Your system may show Netwtw06.sys failed BSOD error due to outdated system drivers (notably the Wi-Fi driver as Netwtw06.sys is a wireless driver). Moreover, a corrupt Windows installation can also cause failure under discussion.
This error message can accompany various stop codes. As an example below, SYSTEM_THREAD_EXCEPTION_NOT_HANDLED is shown. The solutions down below target all the stop codes this error comes.
Some users were able to use the system after a system restart for hours, whereas other users could hardly use it for minutes after the restart. Before moving on with the specific solutions to fix the Blue Screen of Death, have a detailed look at common fixes for BSOD error in Windows.
Solution 1: Update Windows and System Drivers to the Latest Build
Windows OS and system drivers are updated to cater to ever-evolving technological advancements and patch the known bugs. However, you may encounter the error at hand if you are using an older version of system drivers or Windows. In this scenario, updating Windows and system drivers (mainly, in this case, Netwtw06.sys, which refers to the Intel Wi-Fi driver) may solve the problem.
- Manually update Windows to the latest build.
- Update drivers of your system, especially the Intel Wi-Fi driver. You can also use Intel Driver and Support Assistant to update drivers automatically.
- After updating drivers, check if your system is clear of the error.
Solution 2: Perform a Malware Scan of Your System
If your system is infected with malware, then that could be the root cause of the error at hand. In this context, performing a malware scan of your PC may solve the issue.
As per your liking, you can use any malware removal tool, but we will recommend the use of Malwarebytes.
Solution 3: Roll Back the Wi-Fi Driver to a Previous Version
An updated version of the driver is not always compatible with your current system. The same could be said for the Intel Wi-Fi driver. If everything was working fine before the update of the Wi-Fi driver, then the issue could be caused by a buggy update. In this case, rolling back the Wi-Fi driver to an older version may solve the problem.
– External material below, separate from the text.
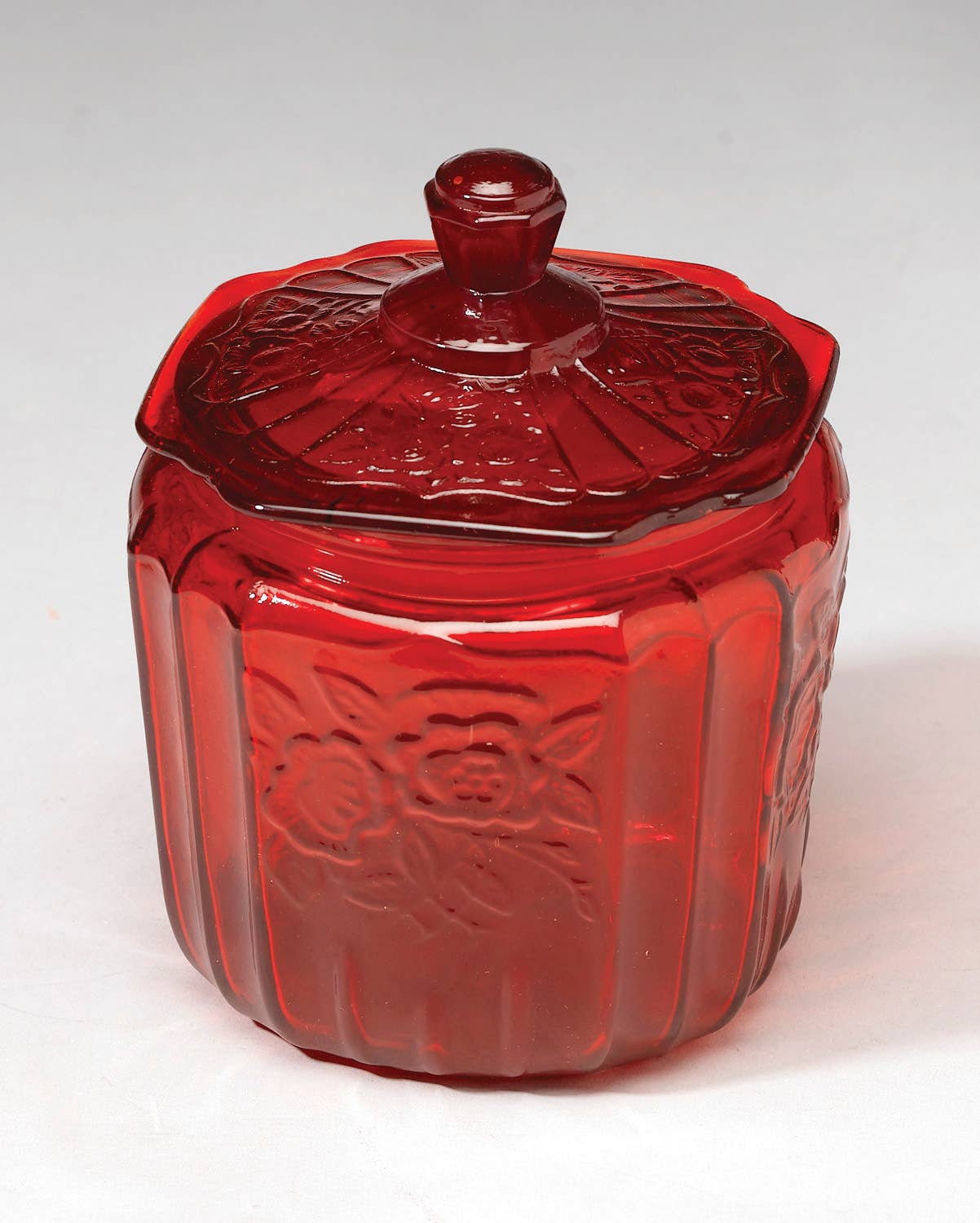 A ruby red glass jar with embossed floral detail and matching lid, designed for use as a storage or display piece within decorative glass collections.

- Right-click on the Windows button and then in the context menu, click on Device Manager.
- Now expand Network Adapters and then right-click on the Wireless device and click on Properties.
- Now navigate to the Driver tab and click on the Roll Back Driver button.
- Then choose for the reason for your rolling back, e.g., Previous Version of the Driver Seemed More Reliable and then click on the Yes button.
- Now, wait for the completion of the rollback process. If there is no roll back button available, you should download the older version from the manufacturer’s website and uninstall the currently installed version.
- After rolling back the driver, check if your system is operating fine.
Solution 4: Perform a Clean Installation of Windows
If nothing has worked for you so far, then the issue under discussion could be caused by a corrupt Windows installation. In this scenario, performing a clean install of Windows may solve the problem. But before performing a clean install, it will be a good idea to reset Windows to rule out any system files corruption. Also, make sure the RAM of your system is not causing the issue.